Many industries are seeing a drastic increase in customer enquiries – people who need help or who are unsure about what is going on or what should be happening next. It’s now more than ever that a business can make a mark – good or bad – by how they respond to their customers.
Read on for tips for dealing with and helping your customers in the midst of a crisis.
1. Be Kind
The vast majority of people are stressed out, so you might find your customers are lashing out. Some are facing severe loss of income and other difficulties as a result of the lockdown. You, of course, may also be in the same position, and it’s important to remember that we all must be kind to one another. In many cases, kindness breeds kindness and meanness breeds the same. If you can respond to a frustrated or worried customer with genuine understanding and compassion, you may find that you’ll win loyalty while making the world – and an individual’s day – just that little bit better.
2. Be honest and open
I’ve been blown away by the generosity and understanding of my clients’ customers over the recent weeks. And people are more likely to respond positively if you’re open about what you’re doing, how you’re doing it, and any issues you are facing. The majority of people understand that this is a difficult situation and that you may not be able respond to them as quickly as usual or get their product in the post on the same day. You don’t need to whine and you don’t need to moan, but if your customers know where they stand, they’ll feel much calmer and be able to trust that you’ll get to them when you can.
3. Don’t lash out
As mentioned above, people may be short-tempered and frustrated, and they may make comments – either publicly or privately – that they wouldn’t at other times. When you get lots of people doing the same, it might seem overwhelming at times and you might feel like letting loose with exactly what you’re thinking. Don’t! Even if you’re angry, frustrated or upset, responding really negatively to a difficult or concerned customer will only escalate a matter and will make a bad impression on others. If you’re struggling, draft a response, leave it overnight, and then re-read and re-draft it the next day. You’ll be amazed at how much easier it will be to look at things objectively.
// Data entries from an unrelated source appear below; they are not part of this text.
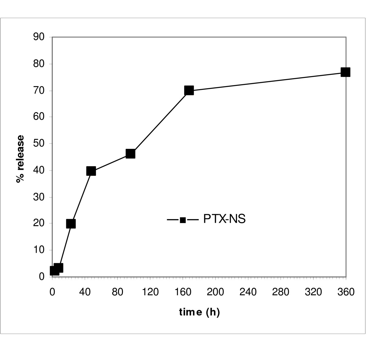 In vitrorelease of PTX-NS. PTX 3% loaded NS in pH 7.4 phosphate buffer solution, at 37°C for 360 h. Data are expressed as the mean ± SD of five separate experiments.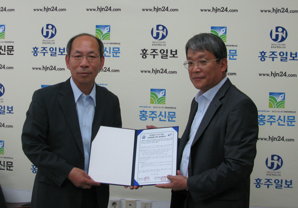 한국농어촌공사 천수만사업단(단장 서안철·사진 오른쪽)과 홍주일보 홍주신문(대표 한관우·사진 왼쪽)은 지난달 28일 상호이해와 신뢰를 바탕으로 교류협력을 추진하면서 홍성지역사회발전을 공동수행하기 위한 업무협약을 맺었다.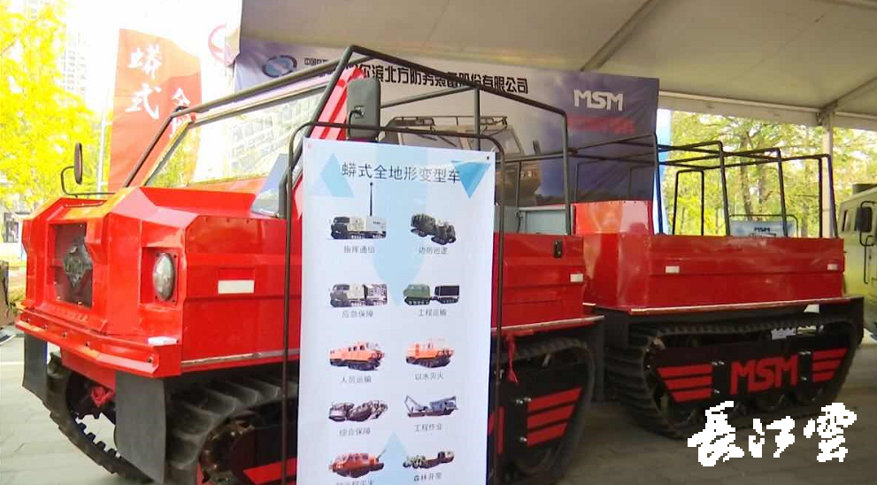 蟒式全地形双节履带车是军工企业为此次大会专门定制的。它最大的特点是能在风、沙、雨、雪等极其恶劣气候条件下,实现自由穿行,目前已经完成不少抢险、消防、医疗救护、工程作业、通讯指挥等作业。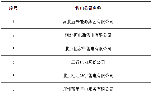 附件1:北京電力交易中心推送注冊(cè)完成公示售電公司名單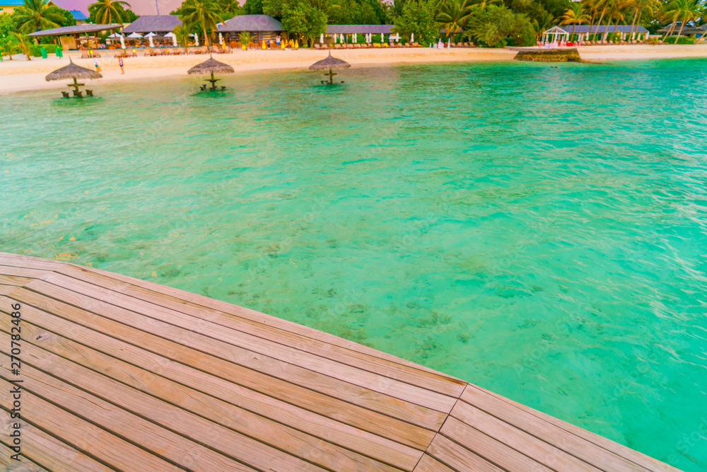 Vacation net seat in tropical Maldives island and beauty of the sea with the coral reefs .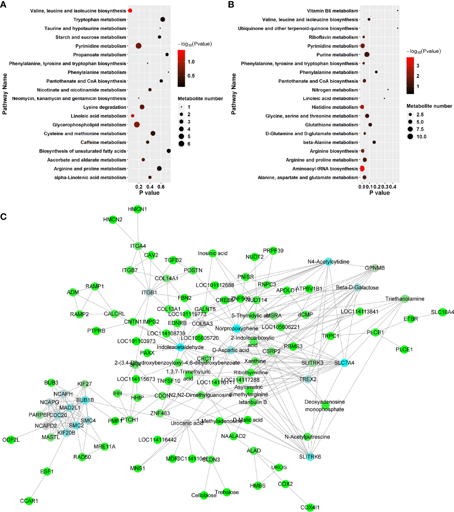 Subsequently, pathway enrichment analysis was performed on the upregulated and downregulated genes in RW vs. RCON comparison based KEGG database. 35 upregulated genes were enriched in 257 pathways, with 16 significant pathways (Figure 2B, P < 0.05). We noted various immune-related pathways were significantly activated upon RW treatment, such as IL-17 signaling pathway, Toll-like receptor signaling pathway, TNF signaling pathway, autophagy and phagocytosis, as well as the expression of cytokines (Figure 2B). In addition, RW also altered the gene expression relevant to metabolisms, such as glycosaminoglycan degradation and alpha-linolenic acid metabolism (Figure 2B). Further pathway analysis on 48 downregulated genes showed that RW-suppressed genes mainly functioned in pathways relevant to metabolisms. Various pathways relevant to amino acid and fatty acid metabolisms, such as valine, leucine and isoleucine degradation, butanoate metabolism, sulfur metabolism, fatty acid degradation, propanoate metabolism, tryptophan metabolism and fatty acid elongation, thiamine metabolism, were significantly enriched (Supplementary Figure 1A). Meanwhile, these genes involved in a duplicated interaction network in vivo, suggesting that RW altered transcriptional patterns in sheep on a global scale, leading to activation and metabolic redirection of immune-related genes associated with fatty acids and amino acids in sheep (Figure 2C).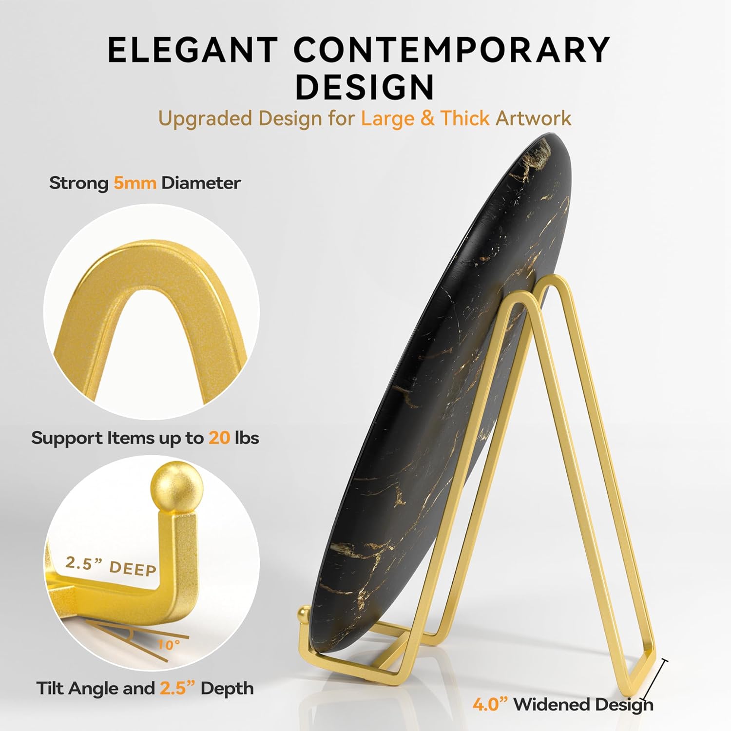• DISPLAY STAND SPECIFICATIONS: - This 10 inch plate stand features a sturdy 2.5" deep lip, a 10° tilt angle, and a 4" widened design with a 5mm square wire diameter, making it perfect for securely holding items ranging from 10" to 30" in size and up to 20 lbs in weight.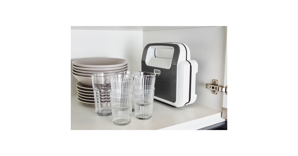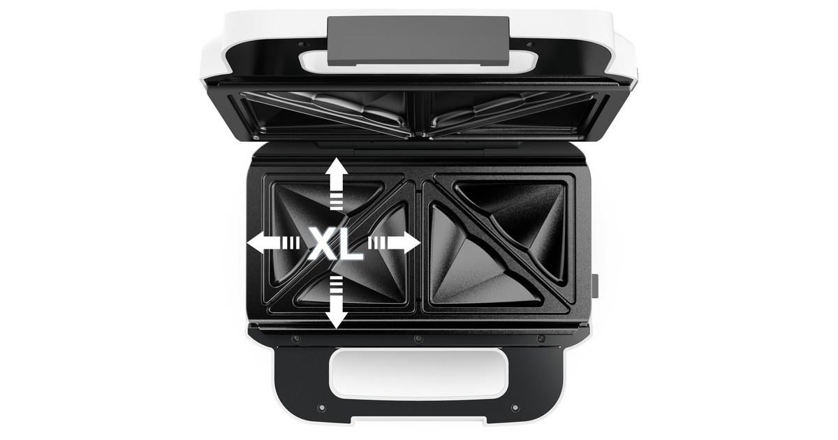Der Tefal Snack XL Sandwich- und Waffelmaker bringt großzügig gefüllte Gourmet-Snacks in die Küche. Mit seinen extragroßen und extratiefen Platten verwandelt der Snack XL alle Lieblingszutaten in köstliche, großzügig gefüllte Sandwichtoasts, die nur darauf warten, verspeist zu werden. Von mehrlagigen Club-Sandwiches bis zu reich gefüllten Sandwich-Toasts und geschichteten Brotsnacks ist er perfekt für viele Größen und Arten von Brot geeignet. Darüber hinaus lässt sich der Snack XL dank der zwei auswechselbaren Platten im Handumdrehen in ein Waffeleisen verwandeln; für dicke belgische Waffeln, die nur auf ihre schmackhaften Toppings warten. Mit den spülmaschinenfesten Platten lässt er sich rasch und einfach reinigen. Dank Kabelaufwicklung ist das leistungsstarke Kombigerät aus Sandwichmaker und Waffeleisen auch platzsparend in aufrechter Position zu verstauen.Art.-Nr.: 1756985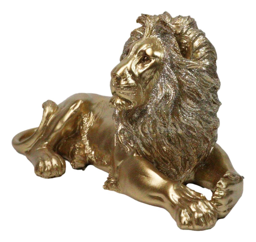 Faux Brass Gold African Safari In Regal Pose Lion King of The Jungle Figurine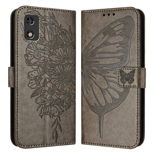 Funda para Teléfono Cuero Tecno Pop 5C Itel A23 Pro A17 con Mariposa En Relieve (Gris)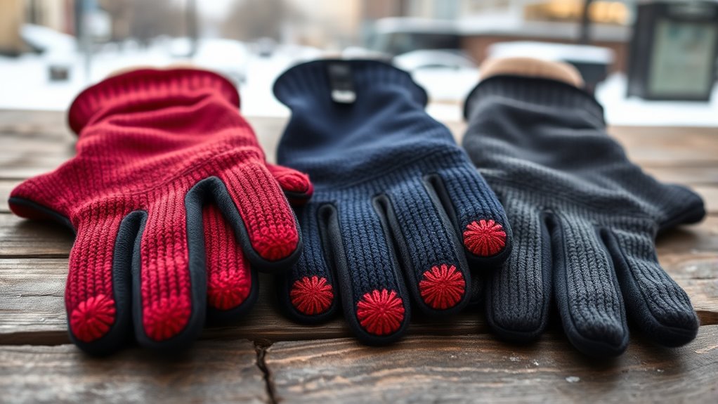 Choosing the right touchscreen gloves means making sure they work seamlessly with your device. I look for gloves with conductive material on all fingertips or at least the thumb and index finger to guarantee full compatibility. It’s important to check if the gloves’ touchscreen capability matches my device’s screen type, whether capacitive or resistive. I also verify the sensitivity level, so the gloves respond accurately and quickly during use. Durability matters, so I choose gloves with conductive fibers resistant to wear, maintaining functionality over time. Additionally, I prefer gloves designed for on-the-go use, allowing me to operate my device without removing them, especially in cold weather. These factors help me stay connected without sacrificing warmth or convenience.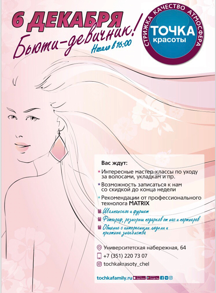 -возможность записаться в салон "Точка красоты" со скидкой до конца недели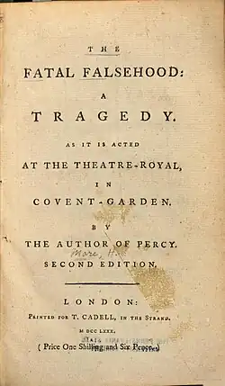 The Fatal Falsehood is a 1779 tragedy by the British writer Hannah More.[1] It premiered at the Theatre Royal, Covent Garden in London on 7 May 1779.[2] The original cast included Matthew Clarke as Earl Guilford, William Thomas Lewis as Rivers, his son, Richard Wroughton as Orlando, a young Italian Count, Francis Aickin as Bertrand, Elizabeth Younge as Emmelina and Elizabeth Hartley as Julia. The prologue was written by Richard Brinsley Sheridan.[3]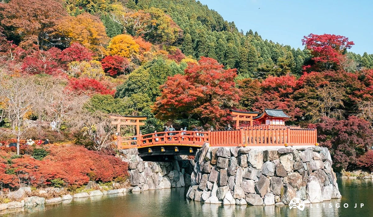 秋天是胜尾寺最广为人知的赏枫季,整座山寺被染成金黄与鲜红,湖畔倒映红叶与鸟居,宛如郊外秘境。尤其是午后阳光洒落时,红叶层层闪耀,令人驻足流连。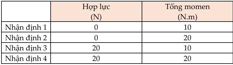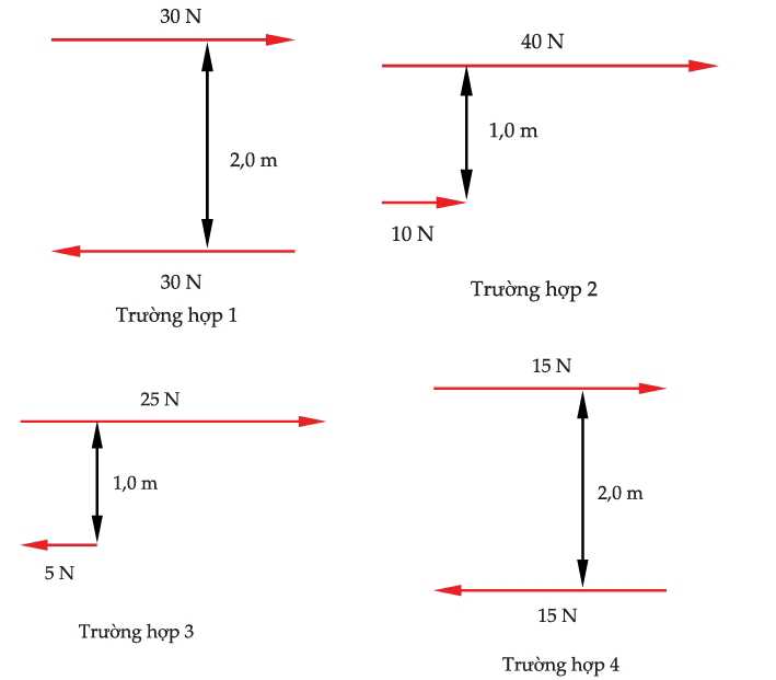 TH4: Hai lực 15N, có độ lớn bằng nhau, ngược chiều, khoảng cách vuông góc giữa hai lực là 2,0m. Momen ngẫu lực là:
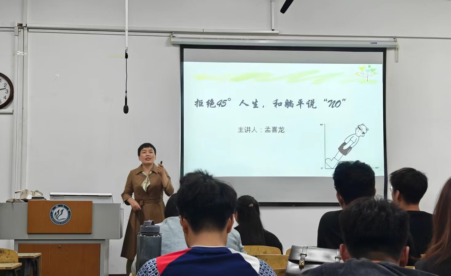 孟喜龙老师以时下很火的词--45°人生、躺平为切入点,讲述45°人是一种什么状态、躺平的缘起以及这些现象的心理学解释。孟喜龙指出想卷卷不动,想躺躺不平,这种不甘平庸又不思进取,清醒的堕落最为可怕,也最尴尬,孟喜龙要求大家现场做一下这个姿势,很累,当然难以为继。

4. Stick to your guns… mostly
It’s best in these kinds of situations not to change your mind constantly and not to feel cornered into changing your stance. If you do, you can come across as indecisive and untrustworthy. Instead, consider your course of action carefully and stick with that. Make it clear to your customers what it is, and help them get the best out of the situation. It’s important to be fair to all your customers, too, so do your best to treat everyone the same. If you have a different rule for each person, some will understandably feel unfairly treated.
Saying that, sometimes you DO have to be flexible. Don’t stick with a decision out of pure stubbornness and, if you’ve made a mistake, own up to it, learn from it, and adapt. If a situation dramatically changes, it may make more sense to adapt how you deal with it. Just remember to keep your customers updated with where you are.
5. Be realistic
Repeat after me: You. Cannot. Please. Everyone.
However well you handle a crisis – or any difficult situation – you will be unable to do right by absolutely everyone. That’s just something you have to accept as a business. Yes, you may receive some negative reviews, or you may have a back and forth with a customer for what seems like forever but decide where to draw the line, write a final (polite) response, and leave it. There’s more to life than winding yourself up by the minority who aren’t happy with what you’re doing.
Remember to keep calm and stay positive! You’ve got this.